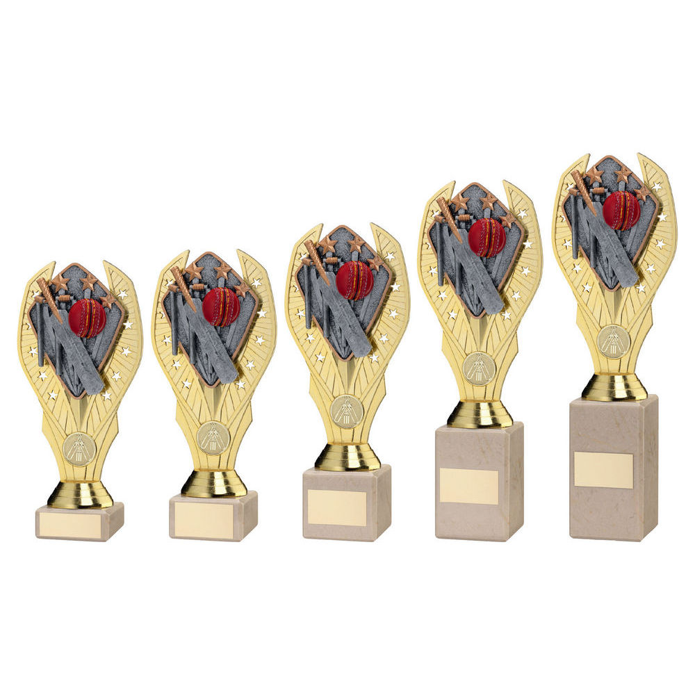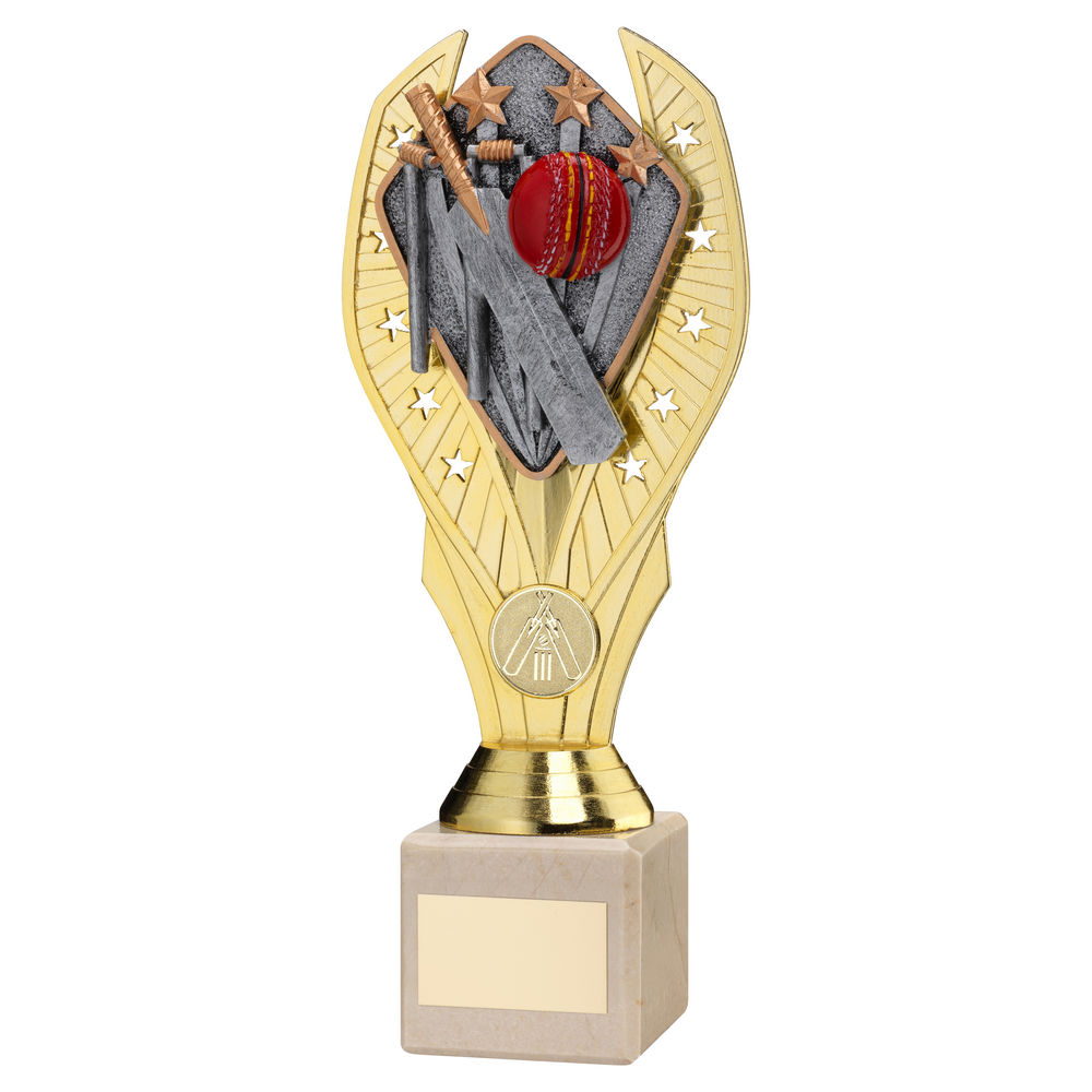 Gold Plastic Holder + Cricket Disc On Cream Marble Trophy (1in Cen) - 8.25in
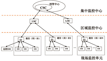 動力環境集中監控管理系統應采用逐級匯接的三級網絡拓撲結構,由集中監控中心(CSC)、區域監控中心(LSC)和現場監控單元(FSU,監控設備)組成,如圖1所示。同時,本監控系統還應滿足與其它網管、綜合網管系統互聯的要求。
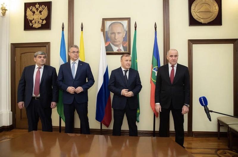 В Черкесске глава Адыгеи Мурат Кумпилов, глава КЧР Рашид Темрезов и глава КБР Казбек Коков, а также губернатор Ставропольского края Владимир Владимиров обсудили возможность проведения совместных праздничных мероприятий в столицах регионов, а также в Москве, сообщил глава Адыгеи на своей странице в инстаграме.
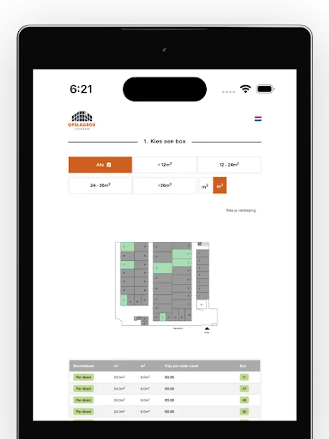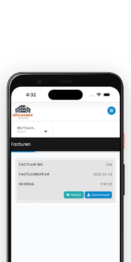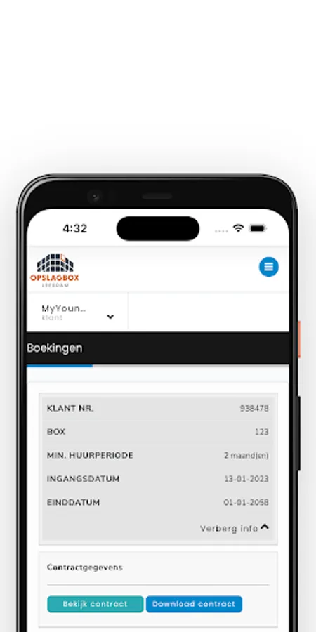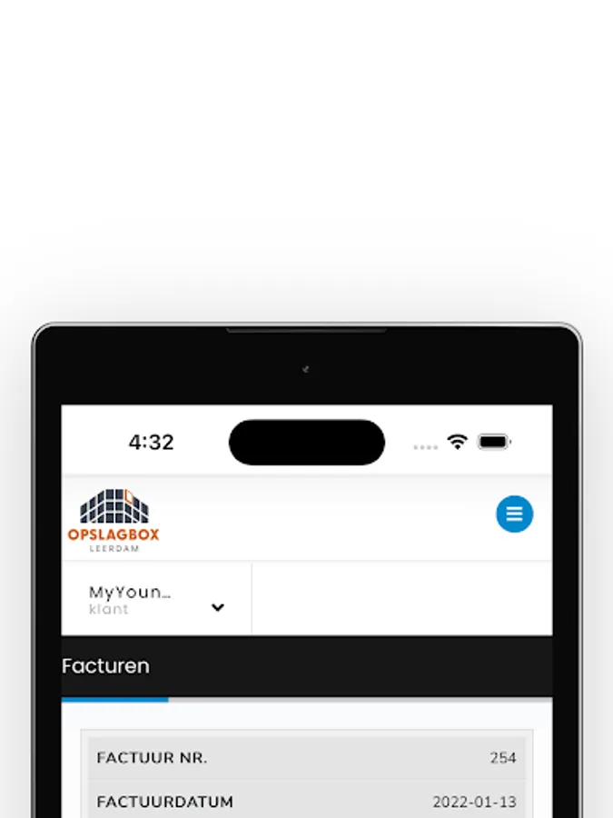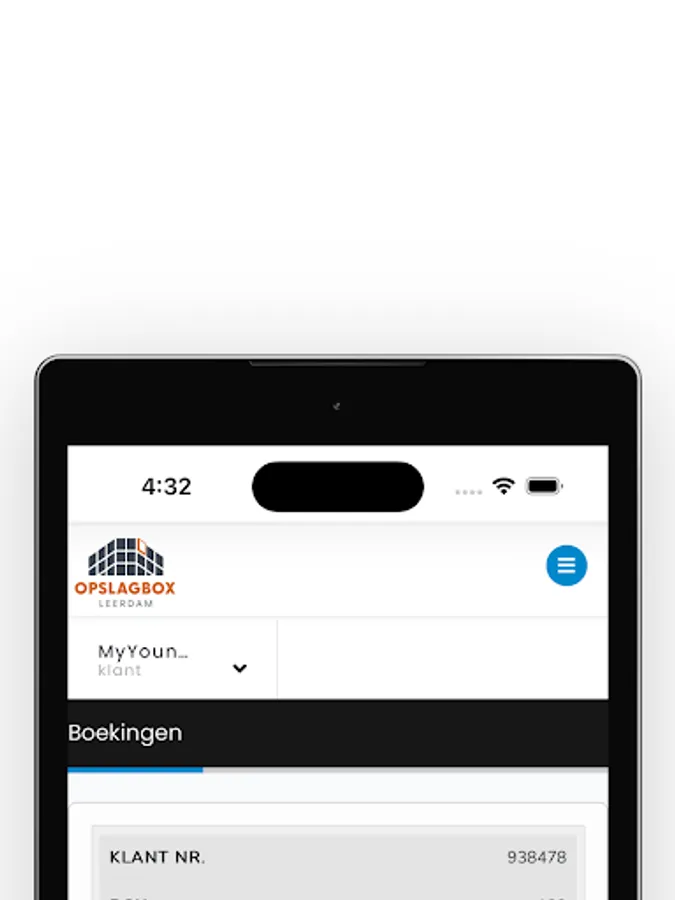The Storage Box Leerdam App is a personal app for Storage Box Leerdam customers. When you rent a unit at Storage Box Leerdam, you can manage your bookings via the app, view and download invoices, and also open the access module with 1 push of a button.
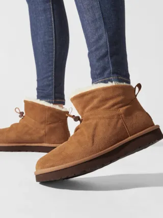 Botas de ante color marrón con forro interior de borreguito. - Diseño clásico. - Suela de goma. - Detalle de tira en el talón.
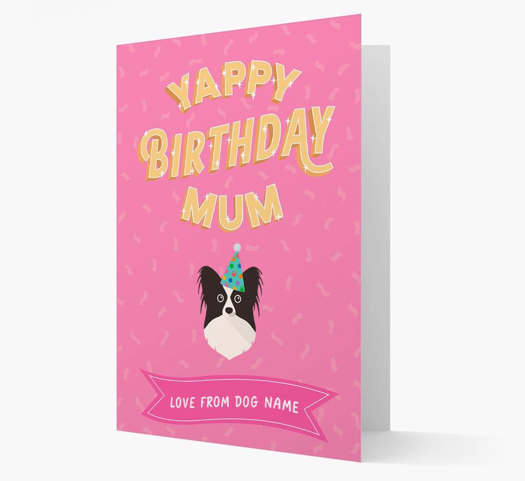 This customisable Papillon card is a woofly way for Papillon to wish their mum the yappiest of birthdays!
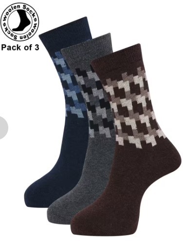 Men Pack of 3 Wool Above Ankle Length Socks Warm Soft Stretchable Comfortable Winter Wear Breathable Durable Daily Use Stylish Socks for Men-free size

┄┄┄┄┄┄┄┄┄┄┄┄┄┄┄┄┄┄┄┄

What you should do :: Copy the data verbatim, skipping any image it holds.

Response to this exercise ::
 Gold Plastic Holder + Cricket Disc On Cream Marble Trophy (1in Cen) - 8.25in
 動力環境集中監控管理系統應采用逐級匯接的三級網絡拓撲結構,由集中監控中心(CSC)、區域監控中心(LSC)和現場監控單元(FSU,監控設備)組成,如圖1所示。同時,本監控系統還應滿足與其它網管、綜合網管系統互聯的要求。
 В Черкесске глава Адыгеи Мурат Кумпилов, глава КЧР Рашид Темрезов и глава КБР Казбек Коков, а также губернатор Ставропольского края Владимир Владимиров обсудили возможность проведения совместных праздничных мероприятий в столицах регионов, а также в Москве, сообщил глава Адыгеи на своей странице в инстаграме.
The Storage Box Leerdam App is a personal app for Storage Box Leerdam customers. When you rent a unit at Storage Box Leerdam, you can manage your bookings via the app, view and download invoices, and also open the access module with 1 push of a button.
 Botas de ante color marrón con forro interior de borreguito. - Diseño clásico. - Suela de goma. - Detalle de tira en el talón.
 This customisable Papillon card is a woofly way for Papillon to wish their mum the yappiest of birthdays!
 Men Pack of 3 Wool Above Ankle Length Socks Warm Soft Stretchable Comfortable Winter Wear Breathable Durable Daily Use Stylish Socks for Men-free size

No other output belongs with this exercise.